Because it was assumed that some of Karlov's pack might be at large and unsuspectingly return to the trap, Federal agents would remain on guard all night. They explored the house, hunting for chemicals, documents, letters, and addresses. They found enough high explosive to blow up the district. And they found Stefani Gregor. They were standing by the cot as Cutty came in.

"Yes, sir. Just this minute went out."

"Did he speak?"

"A woman's name."

"Rosa?"

"Yes, sir. Looks to me as if he had been starved to death. Know who he was?"

"Yes. Tell the coroner to be gentle. Once upon a time Stefani Gregor spoke to kings by right of genius."

The thought that he himself might have been the indirect cause of Gregor's death shocked Cutty, who was above all things tender.

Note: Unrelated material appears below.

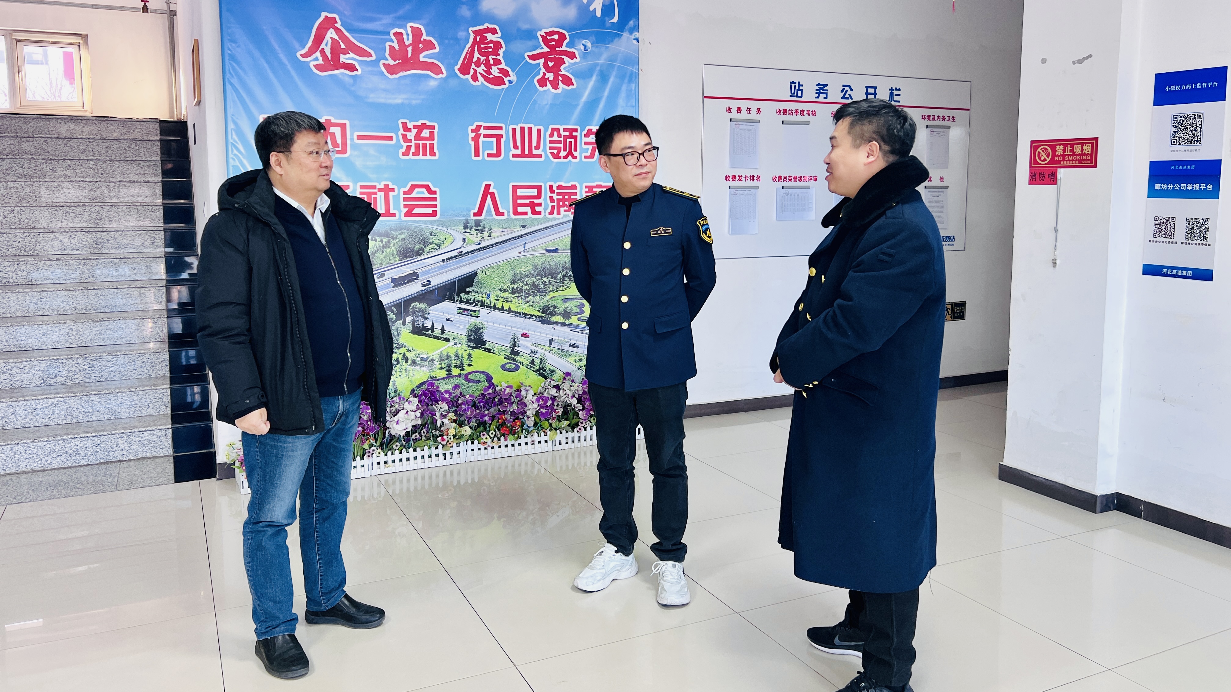 2月7日下午,廊坊分公司黨委書記智韶宇在分公司建管處辦公室主任劉洋的陪同下,前往東灣收費(fèi)站進(jìn)行調(diào)研指導(dǎo),為收費(fèi)站新一年的發(fā)展注入強(qiáng)大動力。

He had held back the raid for several days, to serve his own ends.

He could have ordered the raid from Washington, and it would have gone through as smoothly as to-night. The drums of jeopardy. Well, that phase of the game was done with. He had held up this raid so that he might be on hand to search Karlov; and until now he had forgotten the drums. Accurst! They were accurst. The death of Stefani Gregor would always be on his conscience.

Cutty stared - not very clearly - at the cameo-like face so beautifully calm. As in life, so it was in death; the calm that had brooked and beaten down the turbulent instincts of the boy, the imperturbable calm of a great soul. Rosa. The sublime unselfishness of the man! He had sacrificed wealth and fame for the love of the boy's mother - unspoken, unrequited love, the quality that passes understanding. And his reward: to die on this cot, in horrid loneliness. Rosa.

All at once Cutty felt himself little, trivial, beside this forlorn bier. What did he know about love? He had never made any sacrifices; he had simply carried in his heart a bittersweet recollection. But here! Twenty-odd years of unremitting devotion to the son of the woman he had loved - Stefani Gregor. Creating environments that would develop the noble qualities in the boy, interposing himself between the boy and the evil pleasures of the uncle, teaching him the beautiful, cleansing his soul of the inherited mud. Reverently Cutty drew the coverlet over the fine old head.

"What's this?" asked one of the operatives. "Looks like the pieces of a broken fiddle."

Out of those dark red bits of wood - some of them bearing the imprints of hobnails - Cutty constructed the scene. A wave of bitter rage rolled over him. The beast! Karlov had done this thing, with poor old Gregor looking on, too weak to intervene.

Not so many years ago these bits of wood, under the master's touch, had entranced the souls of thousands. Cutty recalled a fairy tale he had read when a boy about a prince whose soul had been transformed into a flower which, if plucked or broken, died.

Karlov had murdered Stefani Gregor, perhaps not legally but actually nevertheless.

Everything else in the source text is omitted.